▶ _WHAT TO PRODUCE_
Take the lines from the head of the listing through the one bearing "Italy's Pietro Sighel, front, Latvia's" and copy them exactly, leaving every picture out.

▶ _INFORMATION PROVIDED_
· · · ·
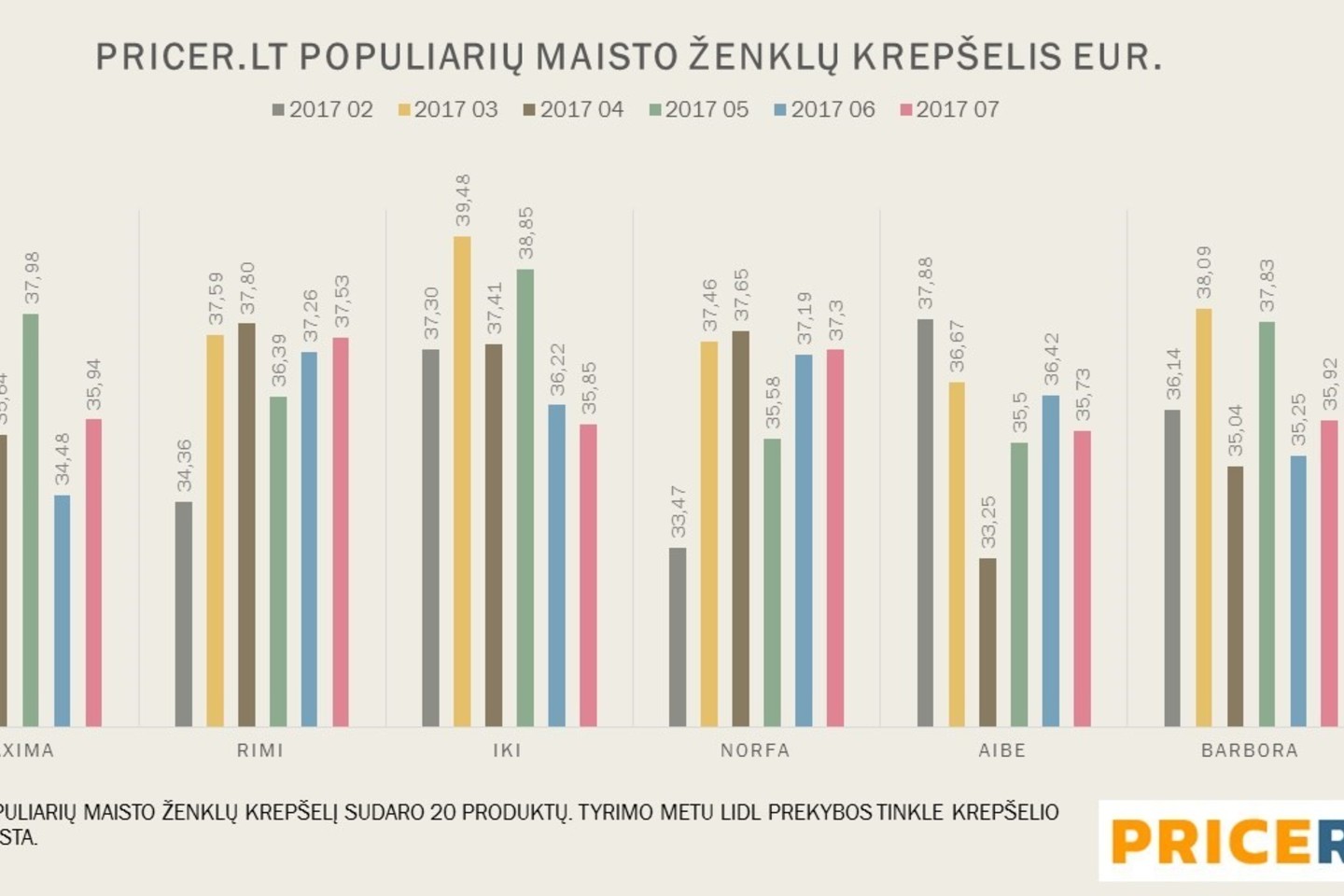 Palyginus sausio ir liepos mėnesiais užfiksuotų pigiausių maisto produktų kainas matoma, kad tik dvi parduotuvės nuo metų pradžios nekėlė pigiausių maisto produktų kainų, o jas netgi nuleido, tai – parduotuvė „Lidl“ (-1,49 %) bei parduotuvė „Barbora“ (-4,81 %). Nuo sausio daugiausia pigiausi produktai pabrango parduotuvėje „Iki“ (+17,52 %) ir parduotuvėje „Aibė“ (+15,48 %).
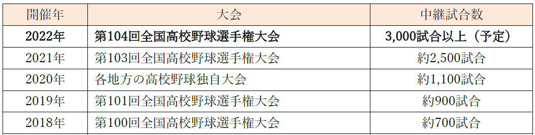 2022年の「バーチャル高校野球」では、KDDIの協力のもと、3,000試合以上の地方大会ライブ中継を予定しています。準決勝以降の試合は、49地方大会全大会でお届けします。
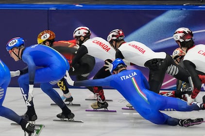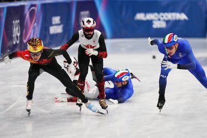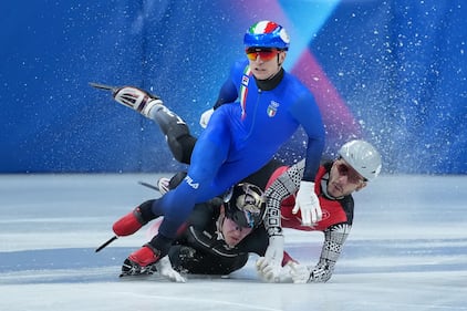 Italy's Pietro Sighel, front, Latvia's Reinis Berzins and Turkey's Furkan Akar crash during a men's 500 metre short track speedskating heat at the 2026 Winter Olympics, in Milan, on Monday, February 16, 2026. THE CANADIAN PRESS/Darryl Dyck
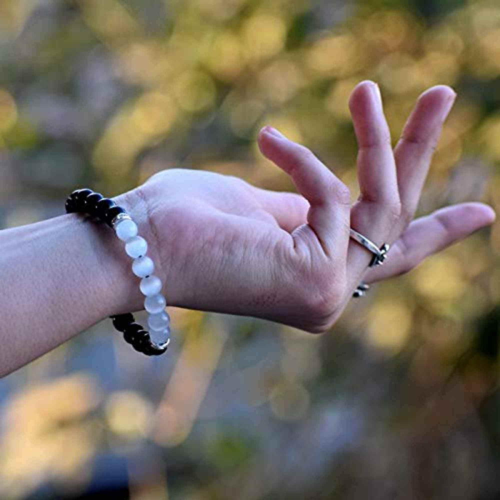 - Bratara de Dragoste din Obsidian si Selenit: Acest minunat accesoriu este realizat din cristale naturale de obsidian negru si selenit, doua pietre semipretioase renumite pentru proprietatile lor energetice si vindecatoare. Bratara reprezinta simbolul dragostei, datorita combinatiei puternice a acestor doua cristale;
· · · ·
▶ _RESPONSE TO THE TASK_
 Palyginus sausio ir liepos mėnesiais užfiksuotų pigiausių maisto produktų kainas matoma, kad tik dvi parduotuvės nuo metų pradžios nekėlė pigiausių maisto produktų kainų, o jas netgi nuleido, tai – parduotuvė „Lidl“ (-1,49 %) bei parduotuvė „Barbora“ (-4,81 %). Nuo sausio daugiausia pigiausi produktai pabrango parduotuvėje „Iki“ (+17,52 %) ir parduotuvėje „Aibė“ (+15,48 %).
 2022年の「バーチャル高校野球」では、KDDIの協力のもと、3,000試合以上の地方大会ライブ中継を予定しています。準決勝以降の試合は、49地方大会全大会でお届けします。
 Italy's Pietro Sighel, front, Latvia's Reinis Berzins and Turkey's Furkan Akar crash during a men's 500 metre short track speedskating heat at the 2026 Winter Olympics, in Milan, on Monday, February 16, 2026. THE CANADIAN PRESS/Darryl Dyck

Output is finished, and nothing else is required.